Раритет раритетом, но как отсюда выбраться? Поискать инструмент? Топор или молоток? Отвертку? Он стал оглядываться.
– Такое вино производят всего три-четыре раза за десятилетие, – с уважением сказала Ника. – Когда урожай достаточно большой. Два года выдерживают в бочках, потом разливают по бутылкам. В них оно за десять-двадцать лет теряет жесткость и приобретает изысканный сладкий фруктовый вкус и неповторимый аромат. 1878! Ты подумай! Интересно, каково оно на вкус?
– Возьми да попробуй.
– Ты что!!! Ты знаешь, сколько это стоит?!!
– Не дороже, чем твоя разбитая коленка.
– Это вино перед дегустацией надо декантировать некоторое время, – с сомнением сказала Ника.
– Что делать?
– Открыть за некоторое время до того, как подавать к столу, балда! Дать ему возможность пообщаться с кислородом, чтобы раскрылись его лучшие качества.
– Времени у нас много, – тяжело вздохнул он. – Так и быть: декантируй. Воронов не обеднеет.
– С ума сошел! А если оно не успеет раскрыться? Если мы раньше отсюда выйдем?
– Ты предлагаешь мне ради того, чтобы оценить вкус «Порто», торчать здесь до завтрашнего дня? – съязвил он.
– Оно того стоит, – пожала плечами Ника.
– По истории тебе – пять баллов. По всем остальным предметам двойка. Ты не понимаешь, что происходит! Дай сюда! – Он отобрал бутылку и засунул ее обратно в шкаф.

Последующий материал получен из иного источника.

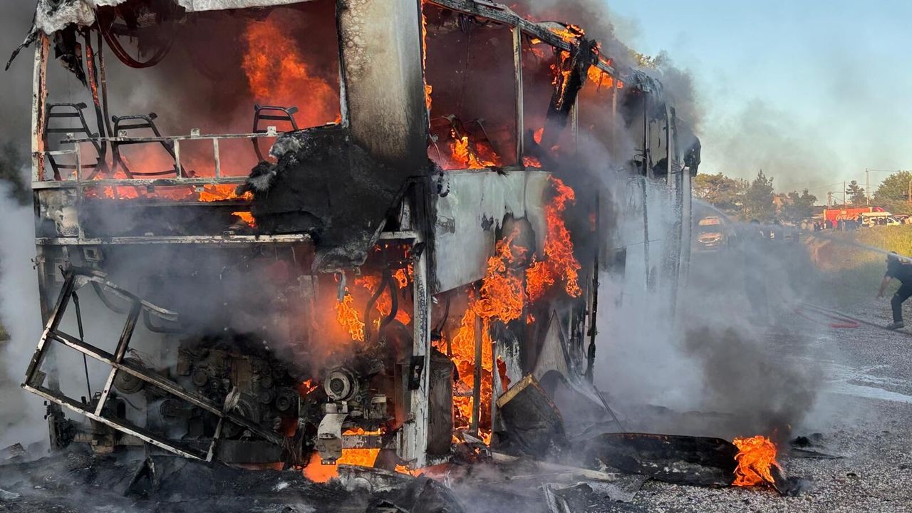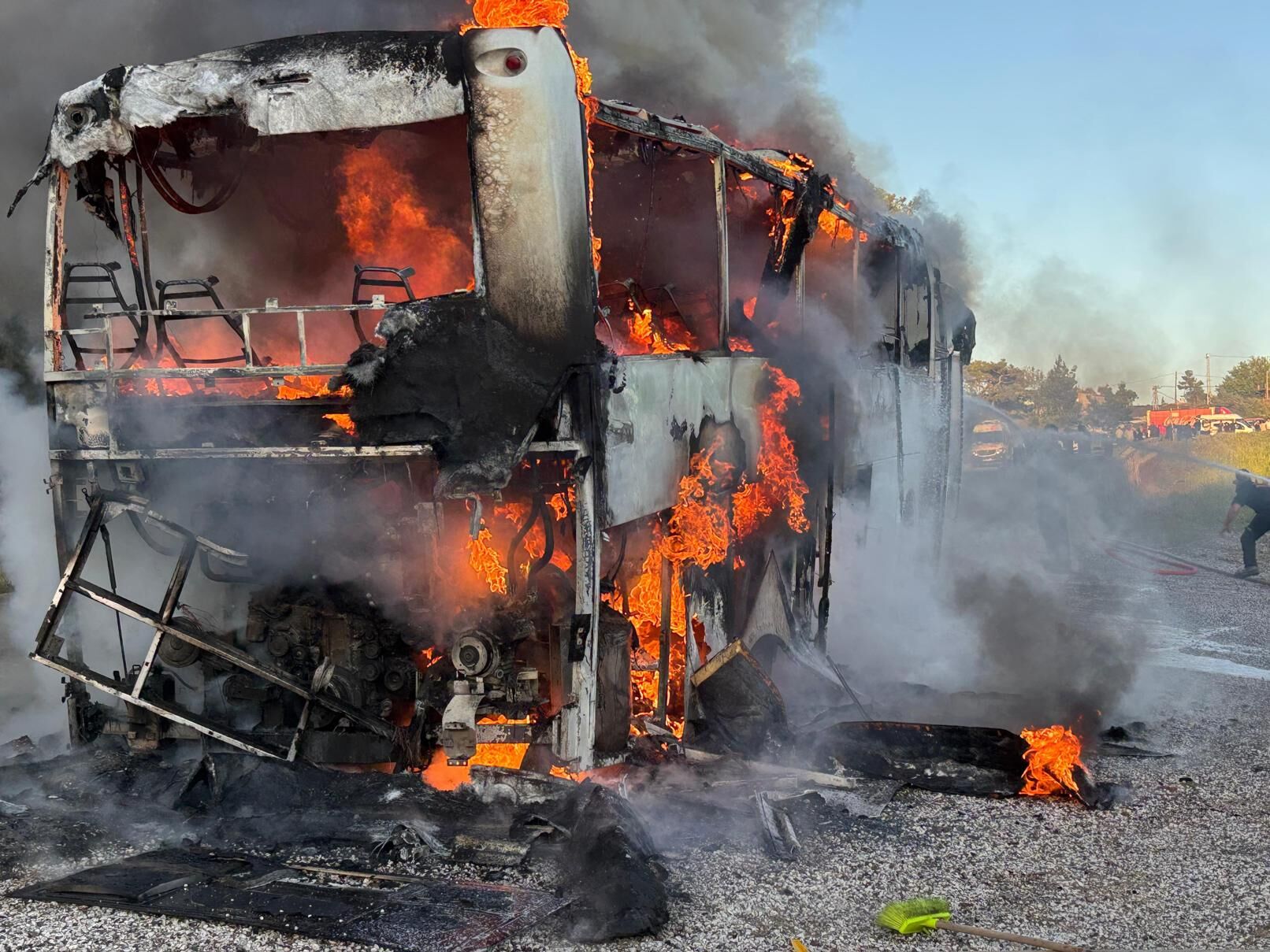 Dumanları fark eden şoför aracı durdururken, yolcular ve sürücü hızla otobüsten indi. Kısa sürede alev topuna dönen otobüs çevrede kısa süreli paniğe neden oldu.
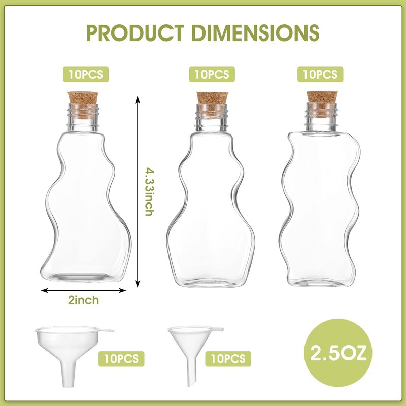 - What You Can Receive: you will receive 30 pieces of mini plastic bottles for sand art in 3 different shapes, and each style comes with 10 pieces, with 10 large funnels and 10 small funnels, enough to support your DIY project needs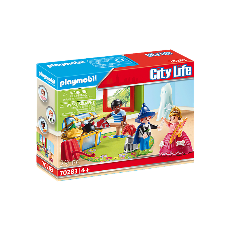 Le coffret Enfants et malle de déguisements Playmobil City Life 70283 contient les accessoires pour permettre de déguiser les enfants en chevalier, en magicien, en princesse, en diable, en fantôme et en fée des fleurs. Les accessoires inclus peuvent être portés par tous les personnages. Les petites pièces peuvent être rangées dans le coffre au trésor.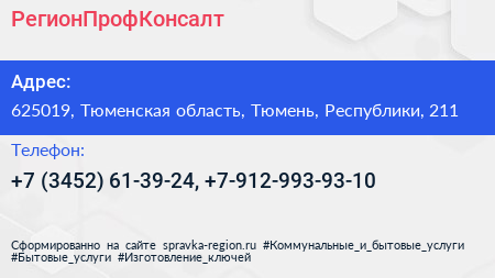 РегионПрофКонсалт по адресу 625019, Тюменская область, Тюмень, Республики, 211 в дальнейшем Организация, размещена в следующих категориях: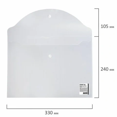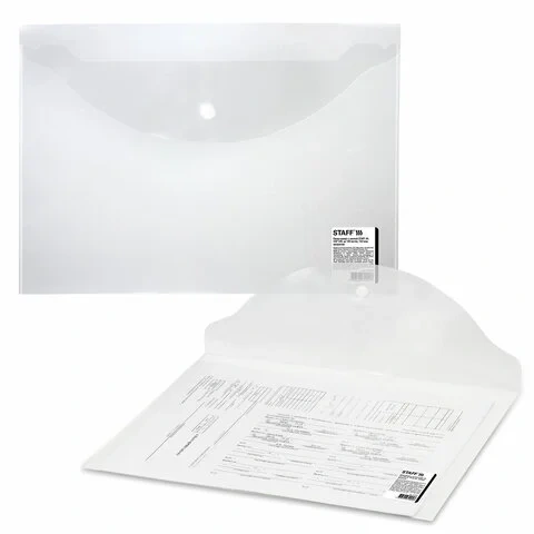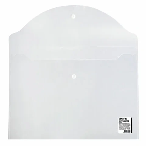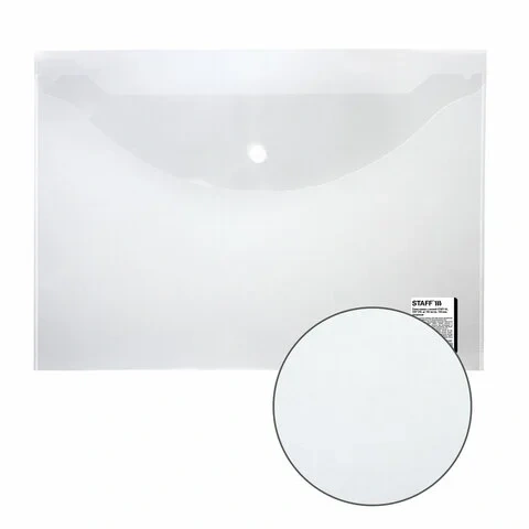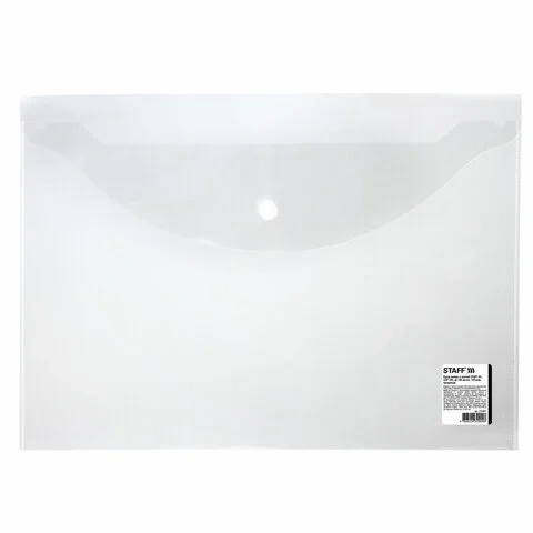 Папка-конверт с кнопкой STAFF, А4, до 100 листов, прозрачная, 0,15 мм, 270467, 120мкм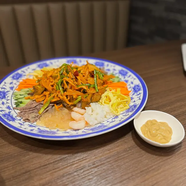 肉絲兩張被簡單啲嚟講其實就係中式嘅撈起😚成個擺盤都好有中式嘅感覺🥰佢有好多配菜同肉絲😛要逐樣逐樣講佢出嚟都唔係咁容易🤣佢哋用咗青瓜🥒/紅蘿蔔絲🥕/海蜇🪼/魷魚🦑/蟹柳絲/蝦仁🍤/中間有肉絲洋蔥🧅炒埋!重點係黃色芥末醬!點綴晒成個撈起☺️但小編就有一個忠告俾大家建議可以逐少逐少咁加落去(如果唔係就會好似我咁攻鼻🤫)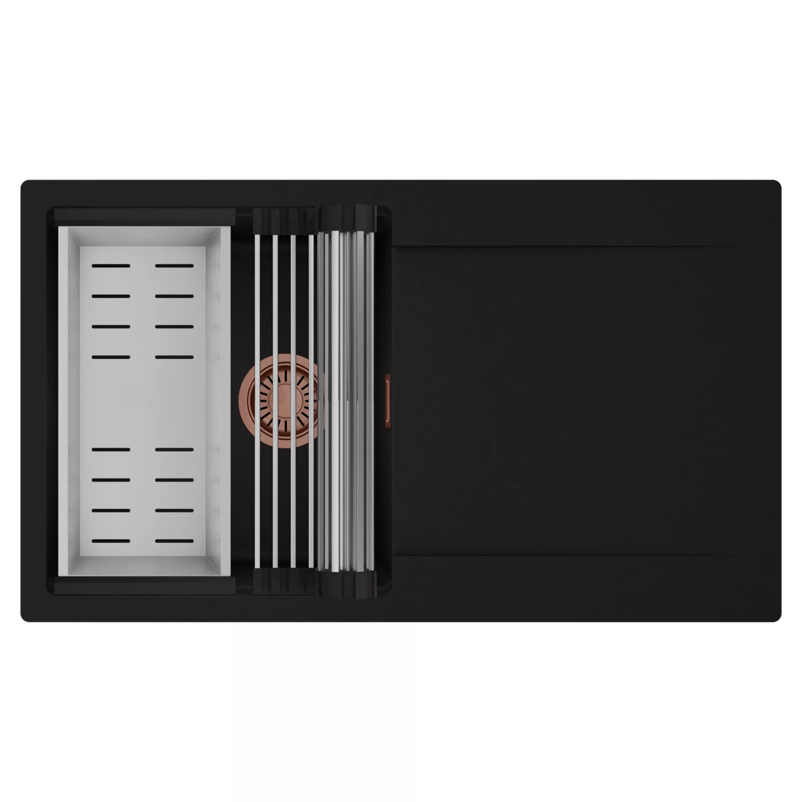 HD Onyx 86 egymedencés mosogatótálca szett, csepegtetőráccsal és kosárral, matt fekete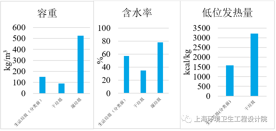 生活垃圾物理組成的變化導(dǎo)致其密度、含水率發(fā)生顯著變化。《條例》實施前,生活垃圾容重、含水率分別為151 kg/m3、56.96%,低位發(fā)熱量約1580 kcal/kg?!稐l例》實施后,相比于混合投放,干垃圾容重、含水率均下降約40%,且其低位發(fā)熱量則增到3210 kcal/kg;濕垃圾主要為廚余類,相比于混合投放,容重增加約247%,含水率增加約37%。干、濕垃圾容重之比約為1∶6,含水率之比約為9∶20。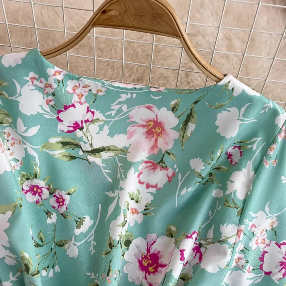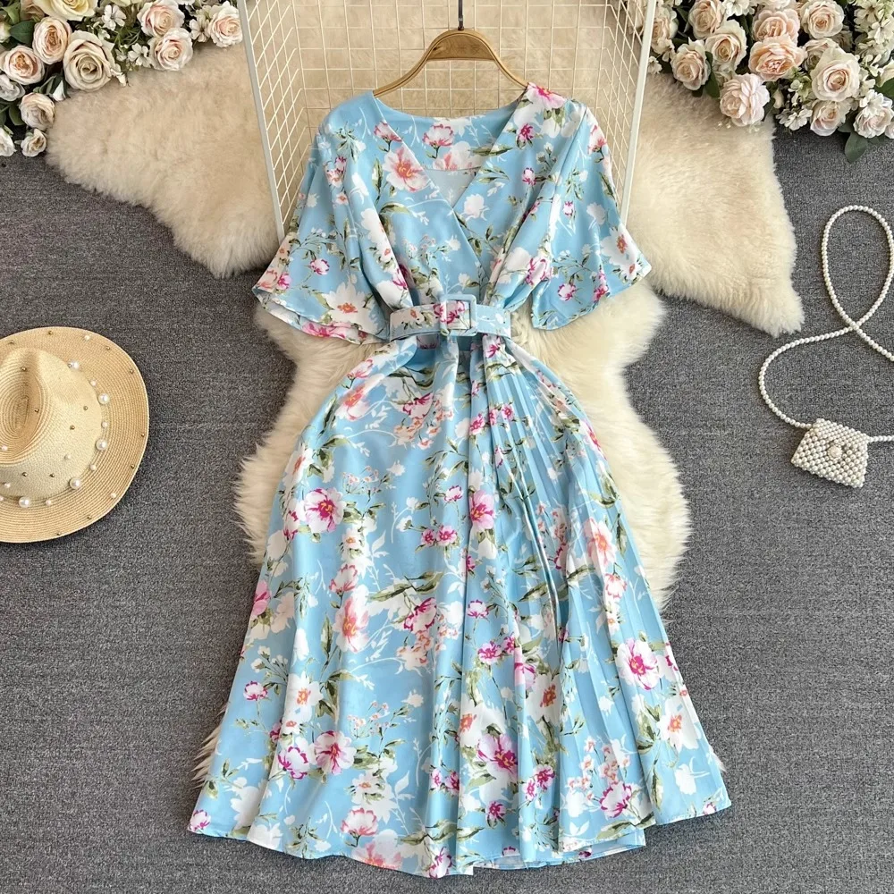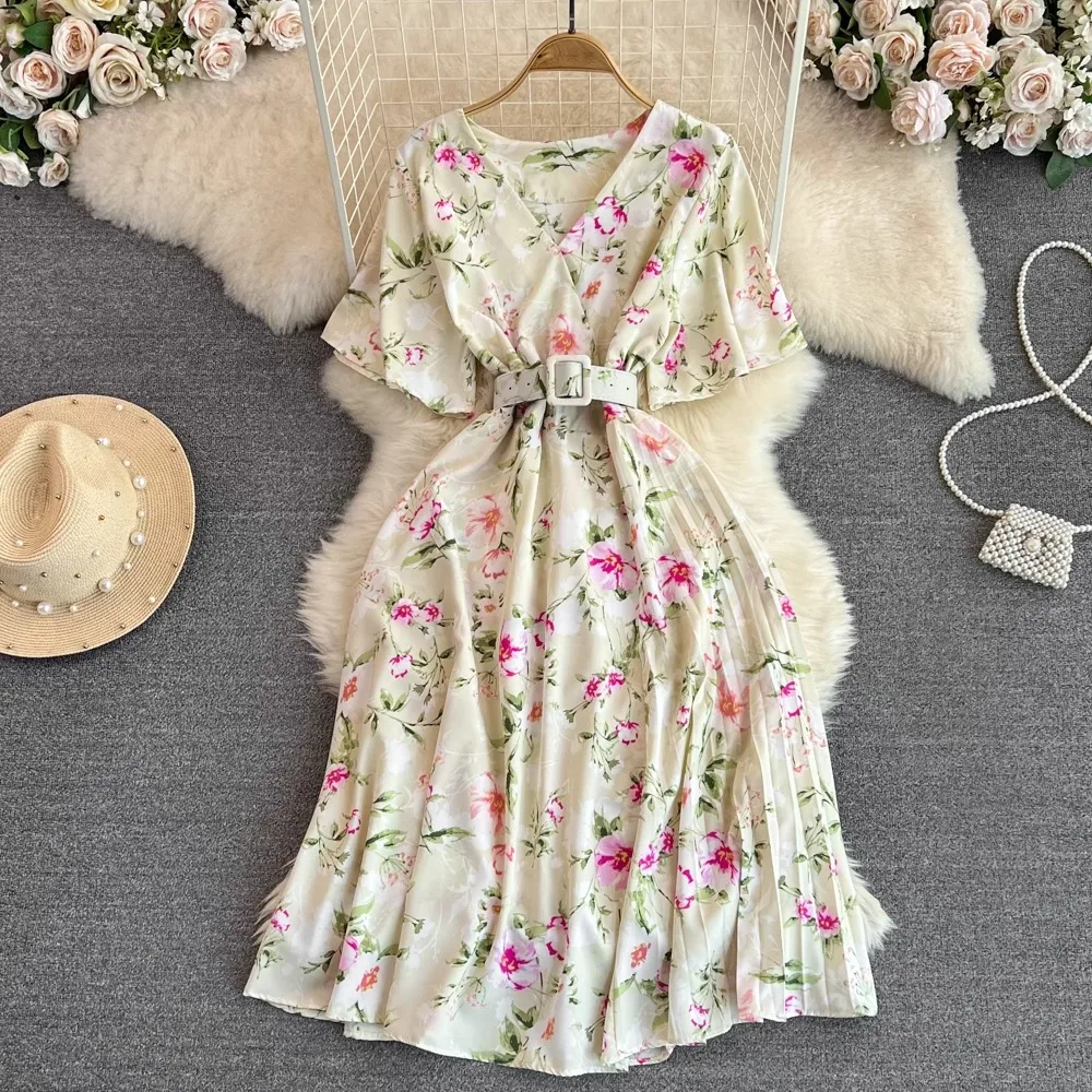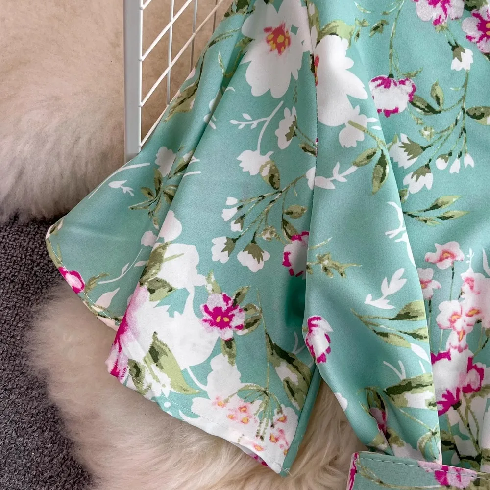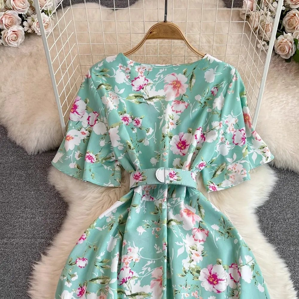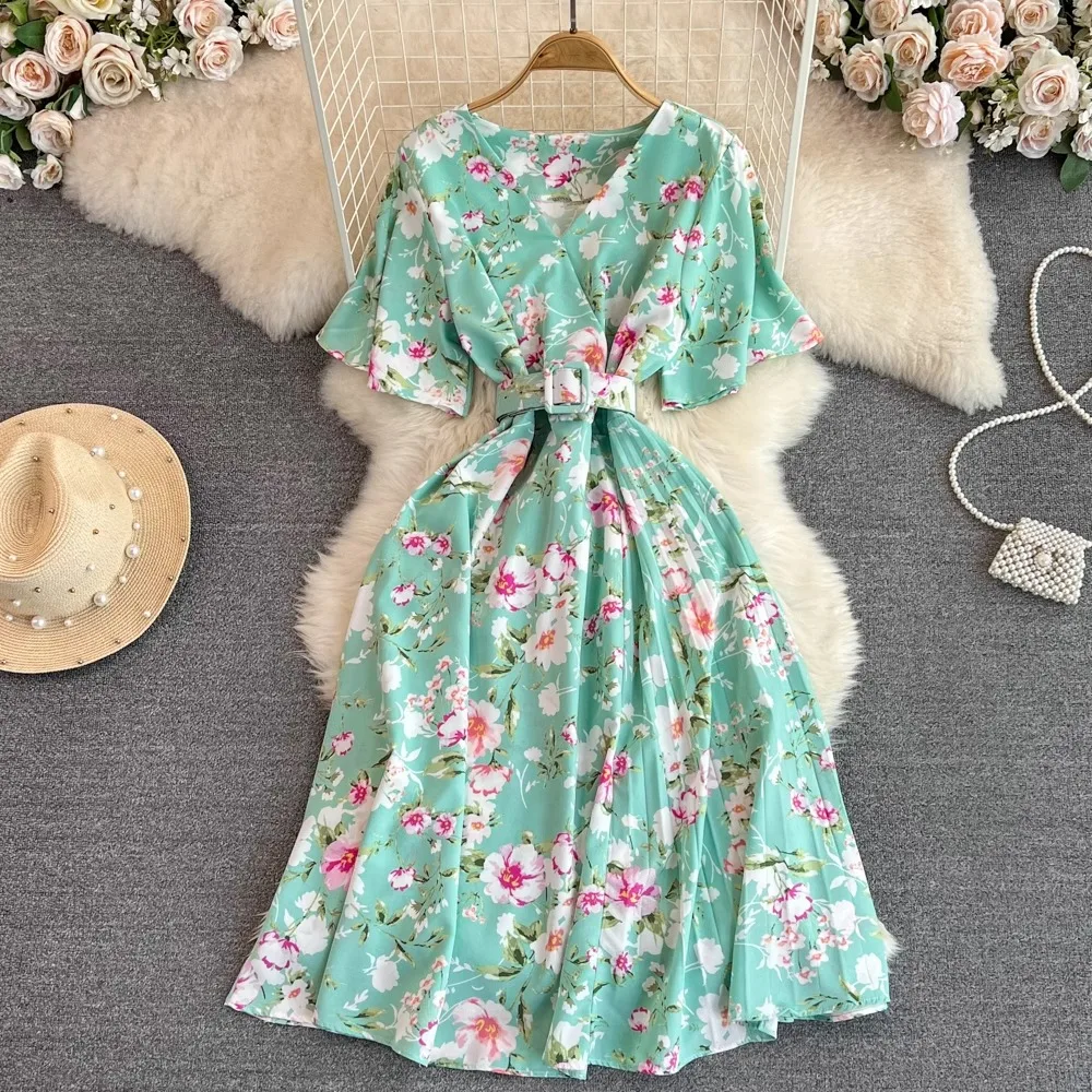 Floral Print V-Neck Long Party Dress with Belt Lady Outfits Vestidos

– Осторожнее! Что ты ее так трясешь! Ей же больше ста лет!
– Да потому что это всего лишь вино! А там, наверху, бойня! Люди гибнут. Если, конечно, Воронов не образумился. И Сивко не спятил. А твоего отца… – Он осекся.
– Что ты сказал? Что с папой? – насторожилась Ника.
– Среди охранников замка есть люди?
– Они все – люди.
– Я говорю не о профессиональных убийцах. У Зигмунда были с кем-нибудь дружеские отношения?
– Папа добрый. Он ни с кем не ссорился.
– Я имею в виду не ссору, – с досадой сказал он. – Я имею в виду дружбу. Чтобы его приняли в качестве парламентера. Переговорщика. Может, он дружил с деревенскими?
– Я-то откуда знаю! Может, и дружил.
– Неужели ситуация такая безнадежная!
Михаил взлетел по ступенькам и плечом надавил на дверь. Бесполезно. Он еще в первый раз заметил, что дверь надежная. На совесть делали. Со злостью пнул ее ногой.
– Давай, я тебе помогу, – сказала снизу Ника.
– Обойдусь. – Он спустился вниз. – Помощница! Вес бараний, мозги куриные. Толку-то от тебя? – Он все еще на нее злился. Кто виноват, что они очутились в таком положении? Ника! – Топора здесь, разумеется, нет.
– Только штопор.
– Штопор? А ну, дай!
Он выхватил у нее штопор и вновь поднялся к железной двери. Может, удастся что-нибудь сделать с замком? Штопор был слишком толстый, в замочную скважину не лез. Но попыток Михаил не оставлял. Надо же что-нибудь делать! Не сидеть же сложа руки?
– Здесь есть другой выход? – крикнул он. – Ты не в курсе?
– Вряд ли. Зато мы можем открыть бутылку.
– Да уж, это плюс. Сидеть здесь и пить.
– Все не так скучно.
Он вновь спустился вниз. Сказал со вздохом:
– Незабываемое «Порто», неповторимое «Бордо». И незабываемые выходные. Дмитрий Александрович, я снимаю перед вами шляпу! Вы гений, а я лох! Ника, открывай бутылку! Нам надо выпить!
– Только не «Порто». Я «Бордо» открою, его здесь полно.
– Что угодно. А лучше бы водки.
– Водки нет. Есть коньяк.
– Давай.
Она встала и пошла вдоль ряда винных шкафов.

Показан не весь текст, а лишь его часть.